The court then invited argument, after which it continued to explain its point of view. It stated that factors referred to by defense counsel like defendant's mental health problems and 1999 head injury were mitigating factors. However, they also indicated defendant could not volitionally control his behavior, which was "actually just more of a concern . . . in terms of what the Court has to do. [¶] I'm trying to protect the community if the things that give him the propensity for this kind of conduct are beyond his control, that's a red flag." The court understood defendant had sincere remorse for what had happened, but said "remorse alone isn't enough to protect society, especially when you've got long-standing mental health issues, long-standing substance abuse issues, and then a history of crimes of increasing severity, poor performance on probation." After reviewing the probation department's circumstances in aggravation and mitigation, the court said, "I just think on balance the factors in aggravation outweigh those in mitigation . . . ." It stated it was deviating from the department's recommendations for the reasons it had stated and sentenced defendant to the aggravated term of three years for his conviction; it sentenced him as recommended by the department to one additional year for each other victim enhancement allegation. The court also imposed fines and fees recommended by the department, including "a penal fine of $2,622.60 per Vehicle Code Section 23556[, subdivision] (a)(1)."

Defendant filed a timely notice of appeal.

DISCUSSION

I.

The Trial Court Did Not Abuse Its Discretion

in Imposing the Upper Term Sentence.

Defendant first argues the trial court abused its discretion when it imposed the upper term sentence of three years for his drunk driving conviction, contrary to the probation department's recommendation that it impose the middle term of two years. This claim lacks merit.

Trial courts have broad discretion to select a sentence within the statutory range pursuant to Penal Code section 1170. (People v. Wilson (2008) 164 Cal.App.4th 988, 992 (Wilson).) " '[J]udicial discretion . . . means the exercise of discriminating judgment within the bounds of reason. To exercise judicial discretion, a court must know and consider all material facts and all legal principles essential to an informed, intelligent and just decision.' " (People v. Muldrow (1988) 202 Cal.App.3d 636, 643-644.)

All statutory references herein are to the Penal Code unless otherwise stated.

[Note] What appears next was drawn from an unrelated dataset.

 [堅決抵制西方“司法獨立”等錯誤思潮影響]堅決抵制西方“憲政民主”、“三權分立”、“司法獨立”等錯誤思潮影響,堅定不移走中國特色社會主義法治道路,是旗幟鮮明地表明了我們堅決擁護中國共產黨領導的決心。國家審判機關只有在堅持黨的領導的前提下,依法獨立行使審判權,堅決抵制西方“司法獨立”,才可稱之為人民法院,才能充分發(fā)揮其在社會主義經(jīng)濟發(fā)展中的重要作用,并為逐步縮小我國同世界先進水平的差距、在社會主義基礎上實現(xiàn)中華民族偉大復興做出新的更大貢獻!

"The trial court's sentencing discretion must be exercised in a manner that is not arbitrary and capricious, that is consistent with the letter and spirit of the law, and that is based upon an " 'individualized consideration of the offense, the offender, and the public interest.' " (People v. Sandoval (2007) 41 Cal.4th 825, 847, quoting People v. Superior Court (Alvarez) (1997) 14 Cal.4th 968, 978.) In applying this standard, it is not our role to substitute our reasons for those omitted or misapplied by the trial court, nor to reweigh valid factors bearing on the decision below. (People v. Scott (1994) 9 Cal.4th 331, 355.)

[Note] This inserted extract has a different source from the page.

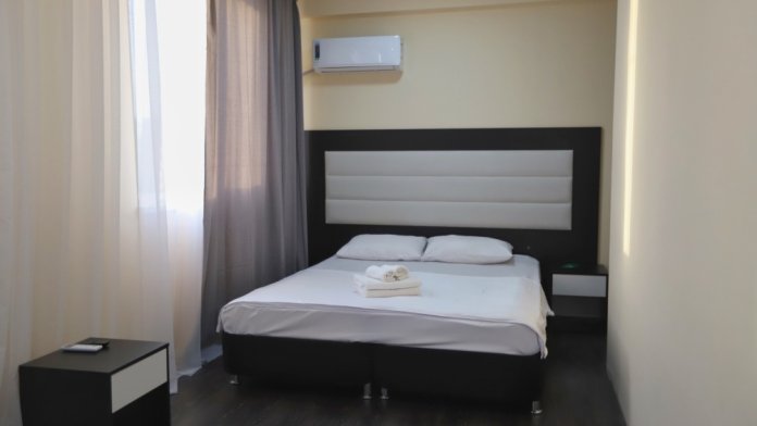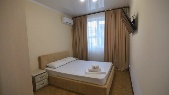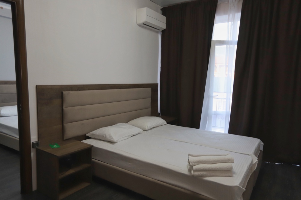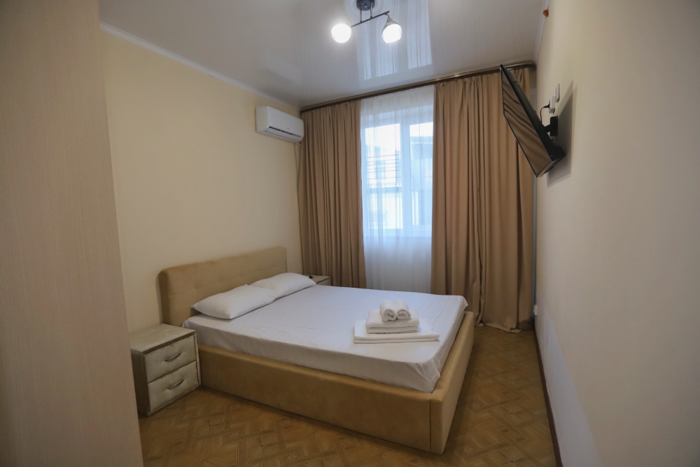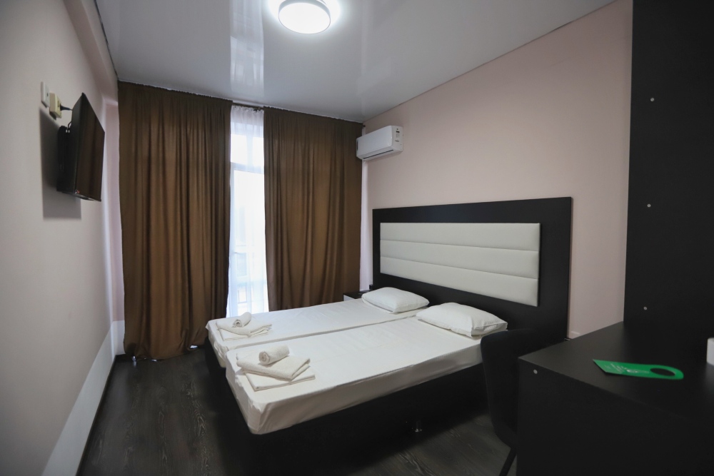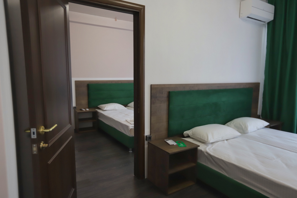 Большой однокомнатный номер рассчитан на размещение четырёх человек на двух основных и одном дополнительном месте (диван-кровать). Номер отвечает всем современным требованиям комфорта и отдыха, оборудован индивидуальной системой климат контроля, кроватью с ортопедическим матрасом и мягким изголовьем с возможностью разделения на две кровати, выходом в интернет, телевизором с плоским экраном и спутниковым TV, звуконепроницаемыми окнами.

Section 1170 was amended effective in 2007 "so that (1) the middle term is no longer the presumptive term absent aggravating or mitigating facts found by the trial judge; and (2) a trial judge has the discretion to impose an upper, middle or lower term based on reasons he or she states." (Wilson, supra, 164 Cal.App.4th at p. 992.) The choice of the appropriate term, thus, rests "within the sound discretion" of the court. (§ 1170, subd. (b).) The court "shall select the term which, in the court's discretion, best serves the interests of justice. The court shall set forth on the record the reasons for imposing the term selected . . . ." (§ 1170, subd. (b); Cal. Rules of Court, rule 4.420(e); Wilson, supra, 164 Cal.App.4th at p. 992.) The trial court can base an upper term sentence " 'upon any aggravating circumstance that the court deems significant, subject to specific prohibitions. [Citations.] The court's discretion to identify aggravating circumstances is otherwise limited only by the requirement that they be "reasonably related to the decision being made." ' " (People v. Weber (2013) 217 Cal.App.4th 1041, 1063-1064, quoting People v. Sandoval, supra, 41 Cal.4th at p. 848.) A trial court is prohibited from using an enhancement (unless stricken) or a fact that is an element of the crime to impose the upper term. (§ 1170, subd. (b); Cal. Rules of Court, rule 4.420(c), (d).)

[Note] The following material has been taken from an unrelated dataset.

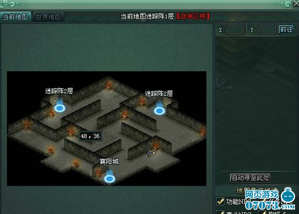 進(jìn)入副本后面臨岔路口的選擇,可選擇向左或者向右,陣法中央有低等級怪物把守,從中間走必然需要戰(zhàn)斗,可選擇從邊緣路線跳躍過墻的方法,這樣速度最快,所以備足恢復(fù)體力的藥物是根本;怪是打不完的,我們現(xiàn)在最重要的是趕路,只要進(jìn)入2 層的目的達(dá)到了,其他小怪并不是我們的“菜”。哪個是正確的下一層入口,并沒有任何提示,全憑運氣,也就是“蒙”!于是我隨便選擇了向左,沒想到真的就進(jìn)入了迷蹤陣二層。

Defendant makes several arguments to support his abuse of discretion argument. First, he points out that, as at least one court has commented, the probation department, acting as a neutral source of information, plays the "most prominent role in informing the court of defendant's history and available sentencing options in pronouncing judgment." (People v. Stuckey (2009) 175 Cal.App.4th 898, 912-913.) This point is not significant because, as the People point out, the same case indicates a probation department's recommendations are advisory in nature "and may be rejected in toto" by the sentencing court. (People v. Server (1981) 125 Cal.App.3d 721, 728.)

Defendant next presents the circumstances that he believes should be mitigating factors in his sentencing, i.e., his immediate expression of remorse for his actions, his taking responsibility for the damage he caused, his checking into a mental hospital, his diagnoses of bipolar and schizophrenia conditions, his persistent insomnia, the purported role his conditions and insomnia have played in his recurrent drug and alcohol addiction, the progress he has made since being properly diagnosed and treated, his seeking of substance abuse treatment, his support from a counselor from his treatment program and the recommendation of a substance abuse treatment service that he be placed in residential treatment. He concludes this presentation by asserting, "[s]ending [defendant] to prison for five years does not serve the public interest. Addicts and alcoholics often falter in their recovery and may need several changes to be successful in long-term recovery. [Citation.] The people of the state of California have determined that using effective drug and alcohol treatment strategies reduces drug and alcohol-related crime; enhancing public safety and preserving jails and prison cells for serious and violence offenders. [Citation.] A five-year prison sentence for someone on the road to recovery is contrary to the public interest" and, therefore, the trial court abused its discretion in sentencing him to the upper term.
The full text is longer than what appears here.